• Recorded data
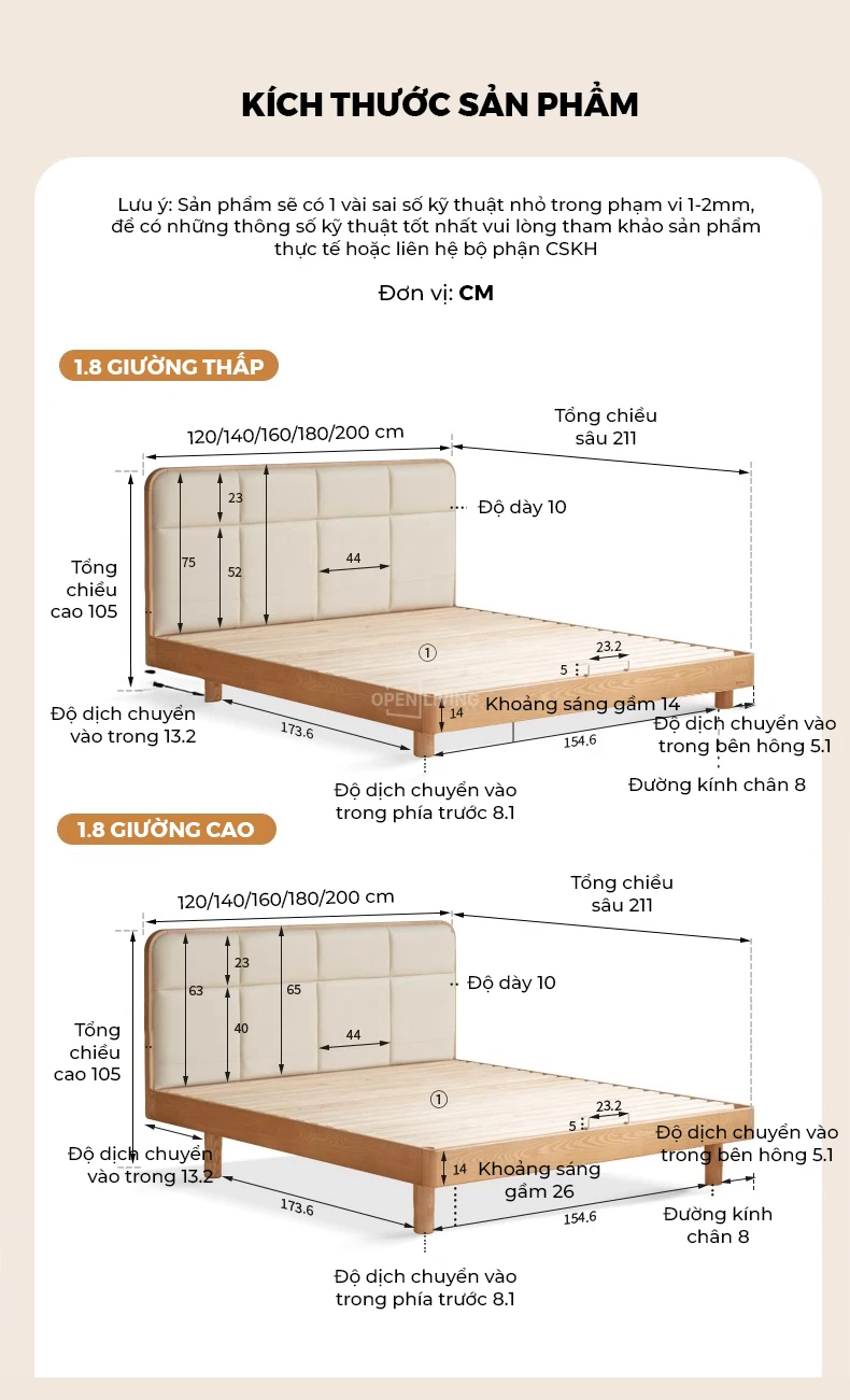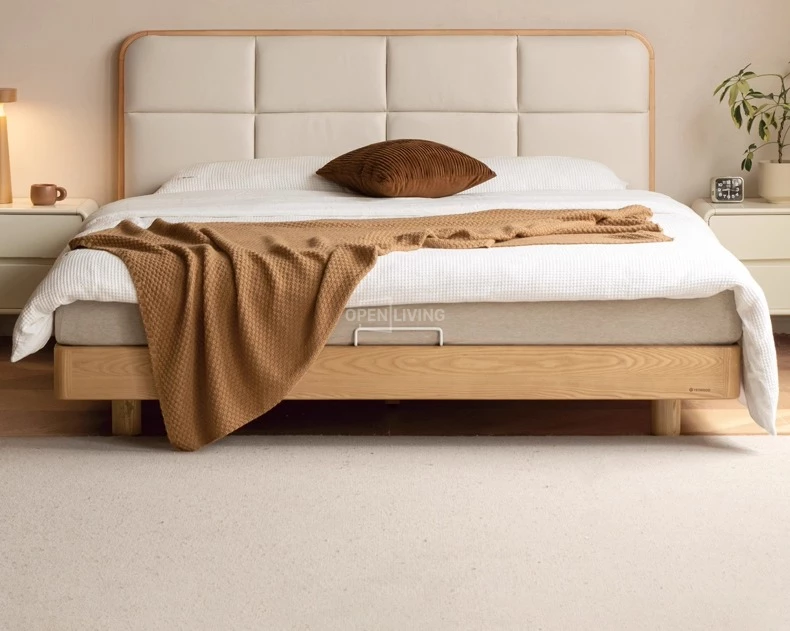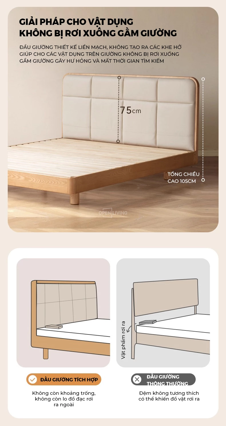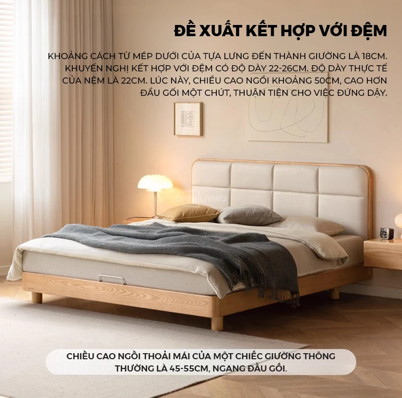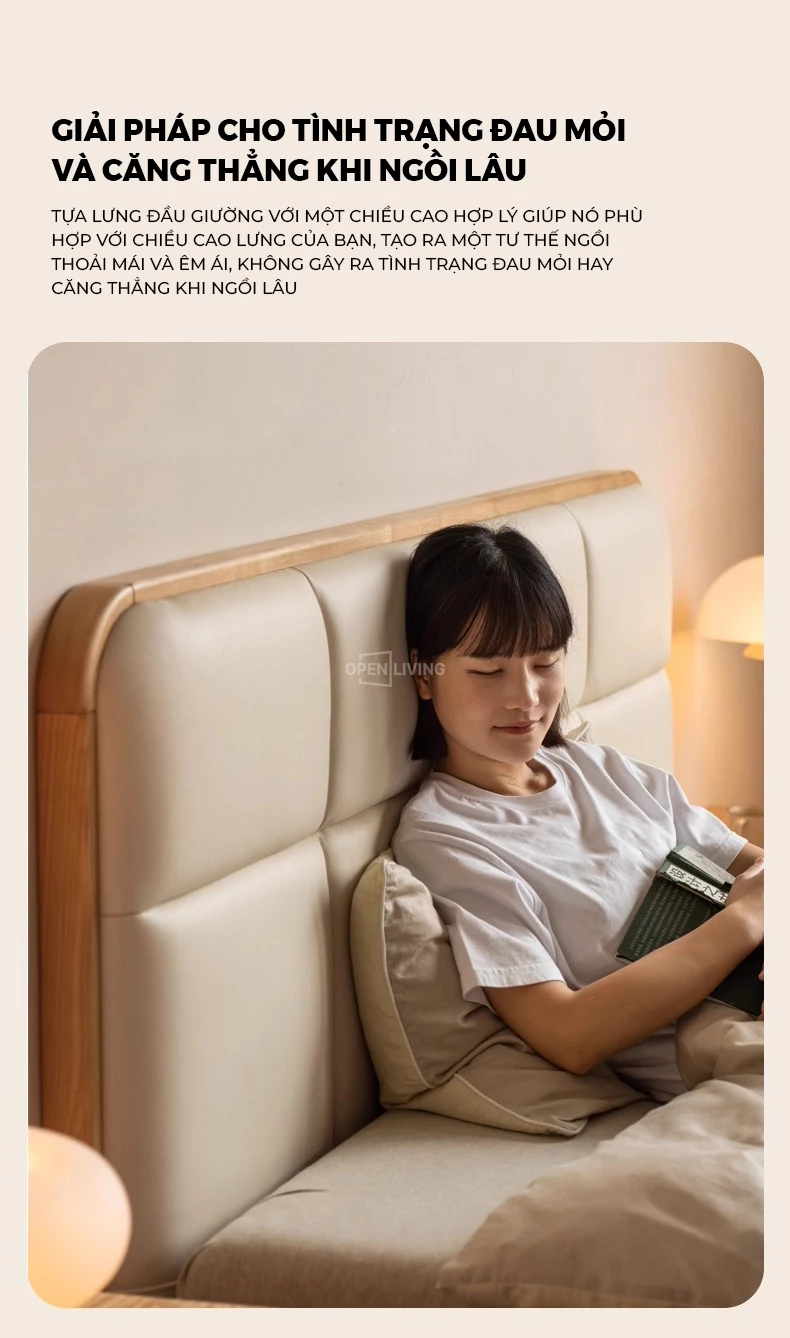 Giường Bọc Da Oslo Openliving 126 – Đệm Da Êm Ái, Chân Gỗ Nguyên Khối
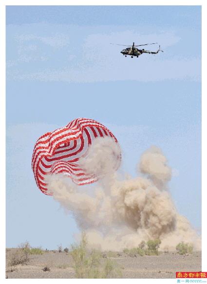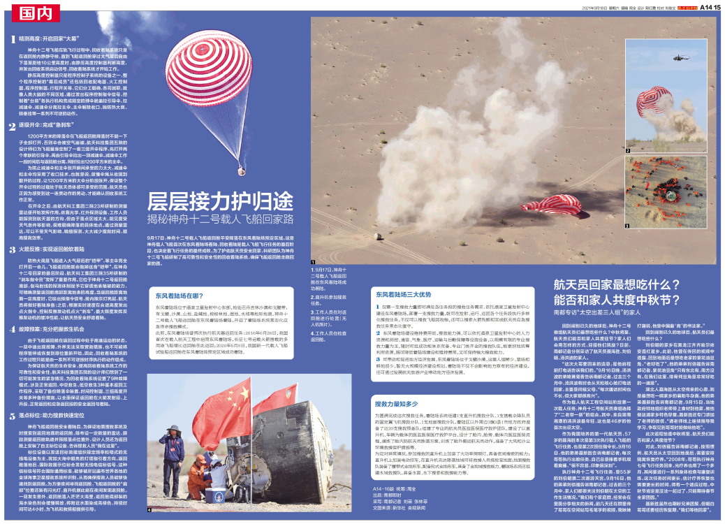 9月17日,神舟十二号载人飞船返回舱在东风着陆场成功着陆。
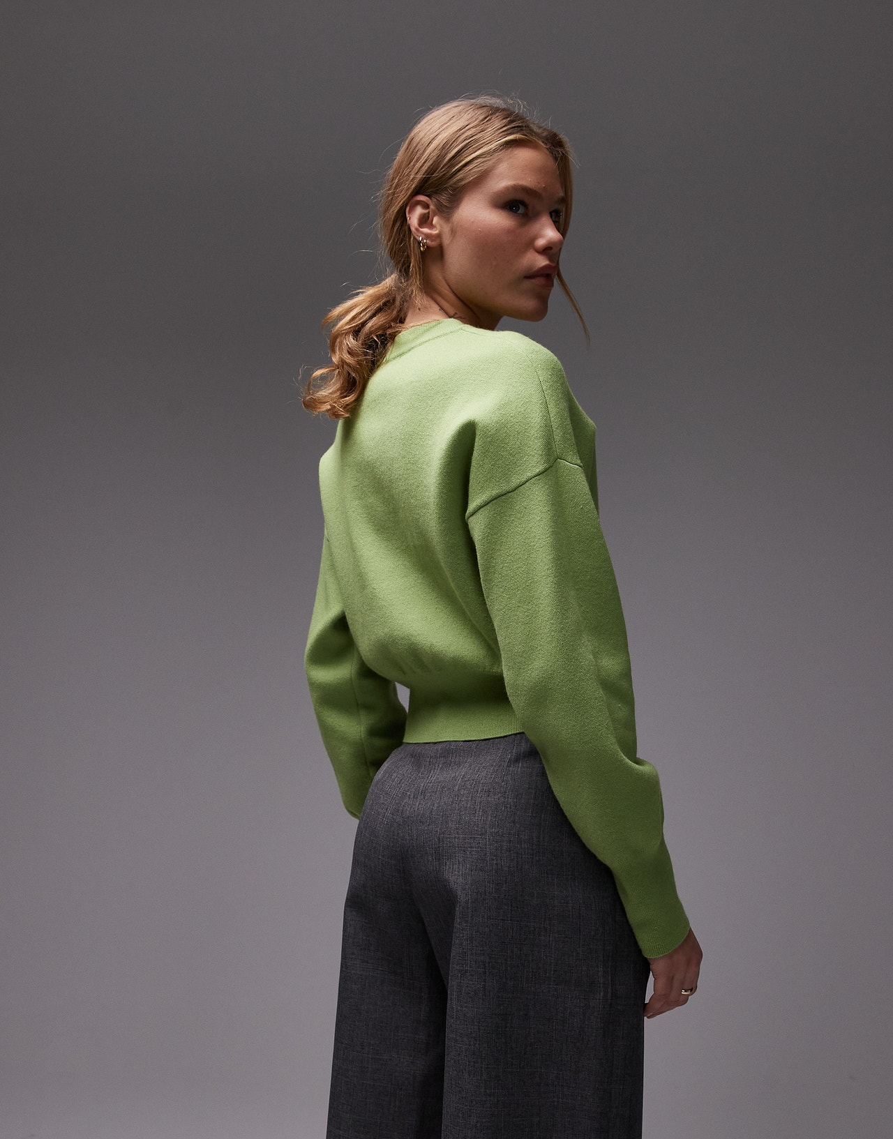 Topshop knitted compact fitted waist cardi in green - MGREEN
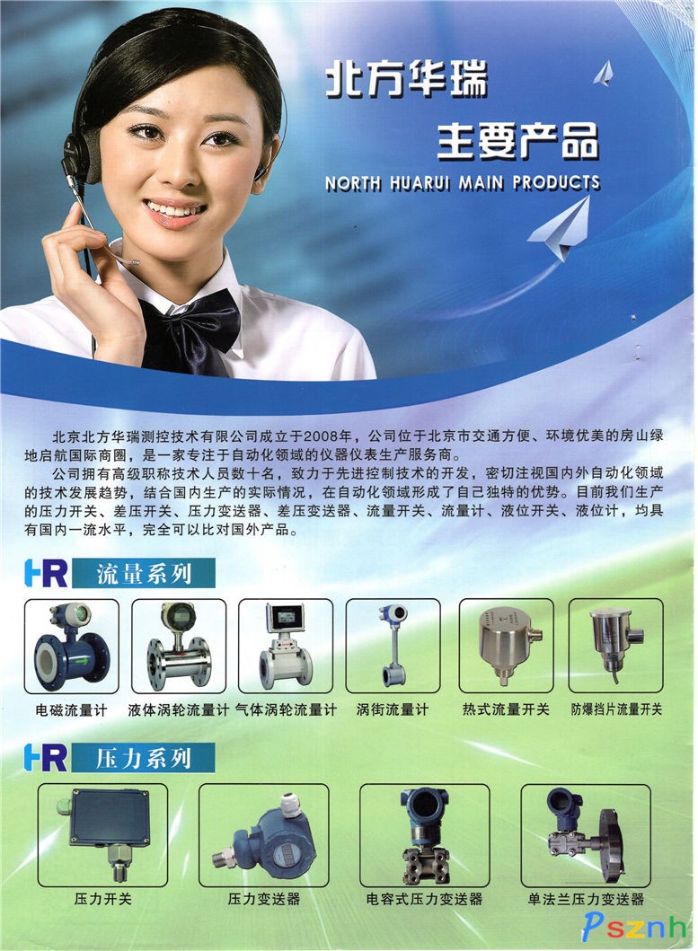 北京北方華瑞測(cè)控技術(shù)有限公司成立于2007年,是一家專注于自動(dòng)化儀表領(lǐng)域的儀器系統(tǒng)集成商,服務(wù)商,公司專業(yè)從事壓力開關(guān),差壓開關(guān),差壓變送器,壓力變送器及液位開關(guān),液位計(jì),物位開關(guān),物位計(jì),流量開關(guān),流量計(jì)等的研發(fā)及銷售?!昂<{天下·智匯九州”,公司不斷引進(jìn)消化國(guó)際先進(jìn)工控技術(shù),服務(wù)于中國(guó)自動(dòng)化領(lǐng)域。

• Work task
Nothing but the lines from the one containing "Topshop knitted compact" through the end of the listing should be printed, each exactly as it appears and without pictures.

• Response box
 Topshop knitted compact fitted waist cardi in green - MGREEN
 北京北方華瑞測(cè)控技術(shù)有限公司成立于2007年,是一家專注于自動(dòng)化儀表領(lǐng)域的儀器系統(tǒng)集成商,服務(wù)商,公司專業(yè)從事壓力開關(guān),差壓開關(guān),差壓變送器,壓力變送器及液位開關(guān),液位計(jì),物位開關(guān),物位計(jì),流量開關(guān),流量計(jì)等的研發(fā)及銷售?!昂<{天下·智匯九州”,公司不斷引進(jìn)消化國(guó)際先進(jìn)工控技術(shù),服務(wù)于中國(guó)自動(dòng)化領(lǐng)域。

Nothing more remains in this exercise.